Giustizia
No. Lo Stato siamo noi, e non li assolviamo
Quando pensi a Cucchi, ti viene in mente Aldrovandi, che si porta dietro Uva che ne chiama un altro e un altro ancora. Di ognuno abbiamo in mente un viso pestato, da morto. Li ricordiamo così, noi che non li abbiamo conosciuti in vita, e abbiamo cominciato ad interessarci alle loro vicende quando queste vicende erano belle che finite. Fotografie prese da qualche parente all’obitorio.

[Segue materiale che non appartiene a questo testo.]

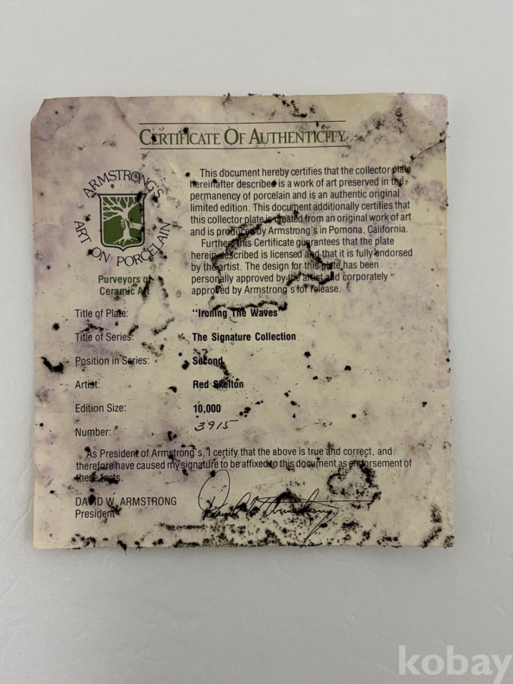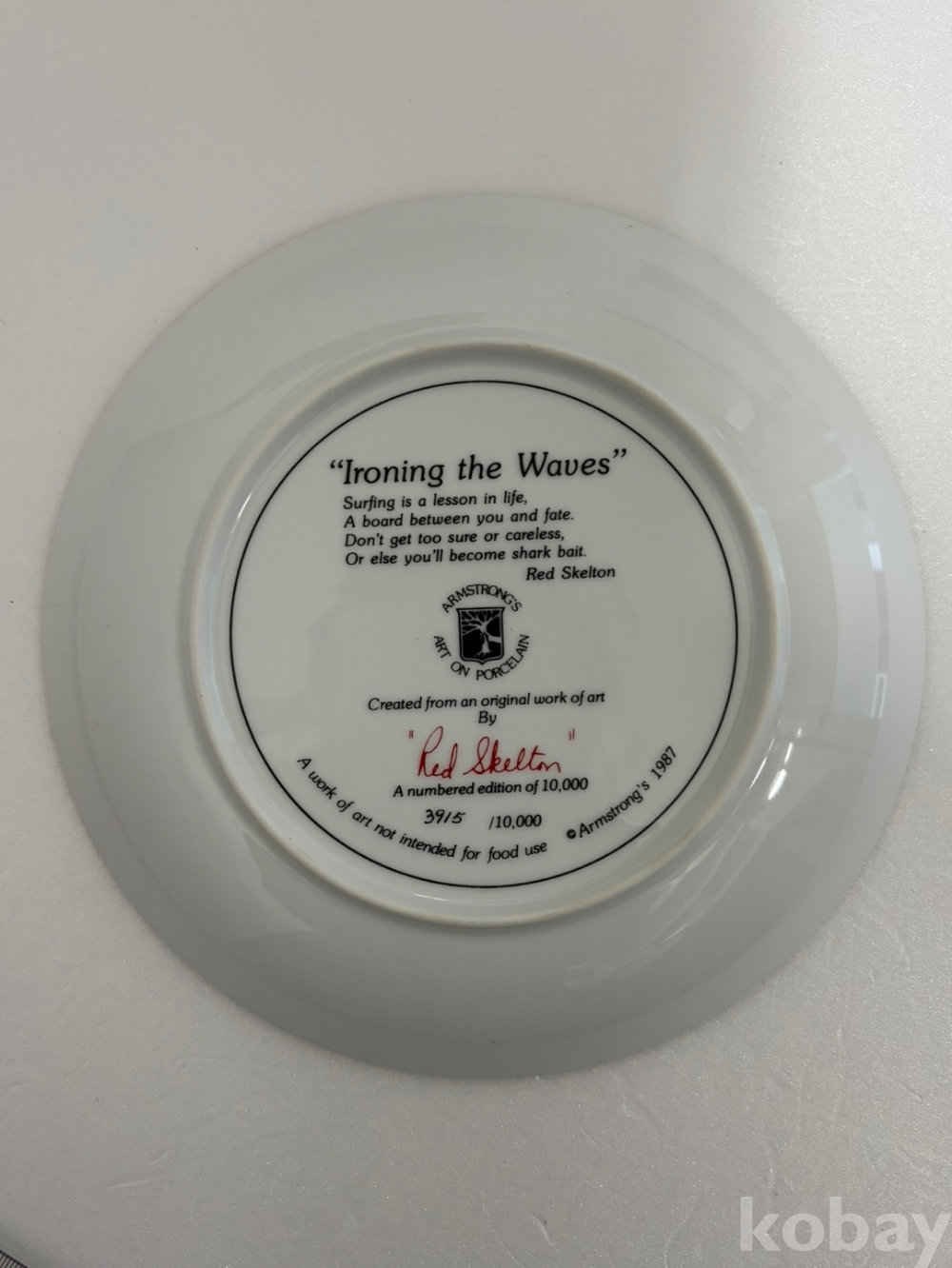 레드 스켈튼의 아이로닝 더 웨이브스 한정판 접시, 10,000개 중 3915번 장식용으로 제작된 1987년 작품입니다.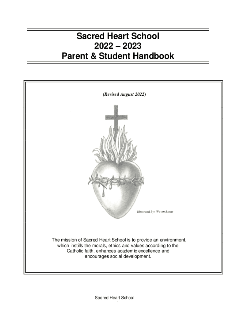 Sacred Heart School 2022 2023 Parent & Student Handbook(Revised August 2022)Illustrated by: Wave Booth mission of Sacred Heart School is to provide an environment, which instills the morals, ethics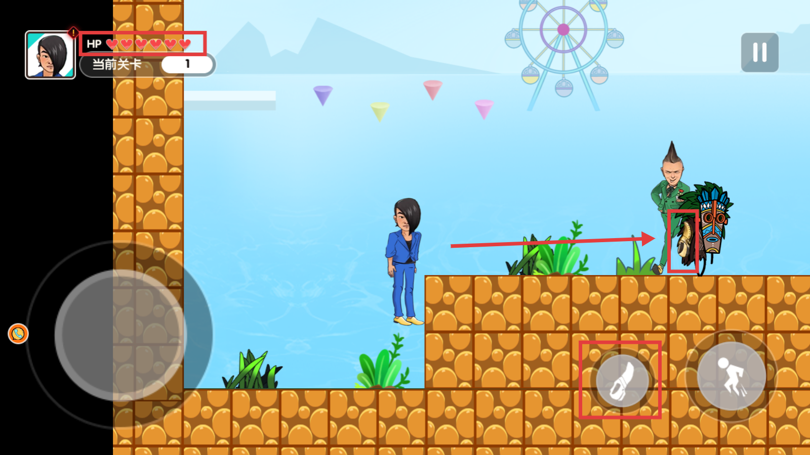 4、碰到敌人后,点击攻击键扔出鞋子进行攻击,合理走位,减少受到的伤害,朝着终点迈进吧。

Cucchi, tuttavia, è una specie di simbolo della morte inutile, senza ragione e motivo, la banalità della noncuranze e della cattiveria. Chi abbia seguito la ricostruzione faticosa, tortuosa, ingarbugliata, omertosa, bugiarda, depistata, emersa dal processo ai presunti colpevoli, poi condannati, poi assolti, sa di che si parla.
Cucchi è una specie di morto per malaburocrazia, per l’anonimato di ogni singolo rappresentante dello Stato, la responsabilità di tutti che frazionata e poi frazionata ancora, e poi spaccata in pezzi più piccoli fino a diventare microscopici, diventa responsabilità di nessuno.
Cucchi è stato picchiato, forse non forte, forse spinto, ma non si sa da chi. Cucchi è stato ricoverato, forse non ha voluto stare in ospedale, ma nessuno l’ha trattenuto. Cucchi ha cominciato a stare male, e non ha chiesto aiuto, ma nessuno l’ha aiutato. Cucchi aspettava la madre e il padre, che hanno trovato un ufficio chiuso, e sono tornati il giorno dopo, ma non gli hanno aperto la porta, e sono tornati il giorno dopo ancora, ma occorreva un’altra carta, e l’ufficio era chiuso, e hanno perso un altro giorno. Cucchi era in agonia e si raggomitolava sotto un lenzuolo, e nessuno spostava il lenzuolo.
Cucchi si è perso nell’indifferenza dolosa e crudele di tante persone che forse hanno una minuscola tessera di responsabilità della sua morte, ma tutte queste tessere insieme fanno il mosaico enorme della colpa per la morte di un innocente, che più innocente non si può.
Per questo il processo è diventato “omertoso”, “come un processo di mafia”. Perché ognuno degli imputati da solo ritiene di non aver cagionato una morte, peraltro avvenuta, e quindi ognuno, salvando se stesso, avvia la catena di sant’Antonio che alla fine produce l’impunità di tutti.
Per la morte di Cucchi oggi non paga nessuno, e, anzi, la protervia degli scagionati alza il dito medio verso i famigliari.
Però, è ovvio, voi siete responsabili, uno a uno, tutti quanti. Chi l’ha preso a schiaffi, chi l’ha fatto cadere, chi non l’ha trattenuto in ospedale, chi ha fermato i genitori per una settimana davanti alla porta dietro cui un giovane moriva da solo, chi non ha alzato il lenzuolo, siete tutti responsabili di tutte le colpe degli altri, tutte assieme. Non importa se questo processo vi assolve. Noi vogliamo la verità ma sappiamo la verità. E la verità è che la colpa è tutta vostra.